Judge Wald had especially little patience for lawyers who put their own professional advancement over their clients’ best interests. When admonishing lawyers to “always put your program’s best foot forward,” she pulled no punches: “Let the most proficient advocate in the program argue the important case—regardless of how the case came to you or who had it originally.” She said it again: “If you’re not the best advocate for a case, step aside.” That advice came out of her own experience, including her experience on the bench. For Judge Wald had “seen some regrettably weak performances from legal services and other public interest groups that might have been avoided except for the irrepressible ego factor.”

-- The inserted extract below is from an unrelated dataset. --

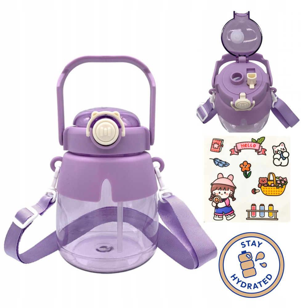 Bidon na wodę do szkoły butelka 1L 1000 ml na pasku z uchwytem na siłownię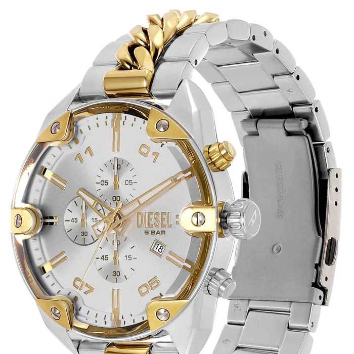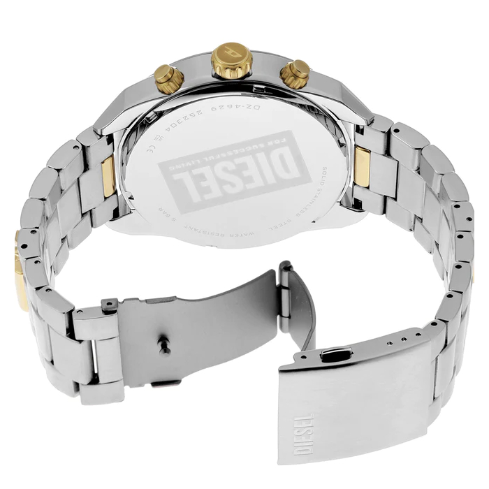 Предлагаем купить наручные часы Diesel DZ4629 в г. Москва. Это мужские часы из коллекции Spiked. Водозащита до 50 метров позволит принимать душ или умываться, не снимая часов. Надежное минеральное стекло защищает часы от царапин и долго сохраняет первоначальный внешний вид. Минеральное стекло более устойчиво к появлению небольших царапин и потертостей, хорошо может выдержать небольшие удары и падения. Даже если поцарапаете стекло, его легко можно отполировать в часовой мастерской и вернуть им прежний вид. Корпус часов изготовлен из стали, механизм — кварц. Кварцевые часы всегда точнее механических. В среднем, погрешность хода составляет 20 секунд в месяц. Кварцевые часы не нужно заводить, только менять батарейку раз в несколько лет.

More generally, she observed that throughout the 1980s and early 1990s, as the executive and courts become more and more conservative, the mission of legal-services organizations narrowed in scope and imagination—it “went from the ambitious ‘achieving social change’ to the more modest ‘attaining equal access to justice.'” Judge Wald contemplated that, if and when the climate improved, public-interest organizations might revisit their plans and goals.

Should we be aspiring to do even more? It’s a tough question for any organization, including our own—whose mission focuses on “seeking to help our justice system serve everyone” and “supporting policies that expand access to justice.” In the current environment, perhaps broader ambitions seem fanciful. But Judge Wald reminds us to revisit and reconsider our goals when times and environments change, and not to become complacent.

In the meantime, we can remember Judge Wald as someone who was talented and generous and disciplined and humble and who felt compelled to push—and keep pushing—to improve her community and country. She was an irreplaceable lawyer and judge and offers pointed lessons to us all.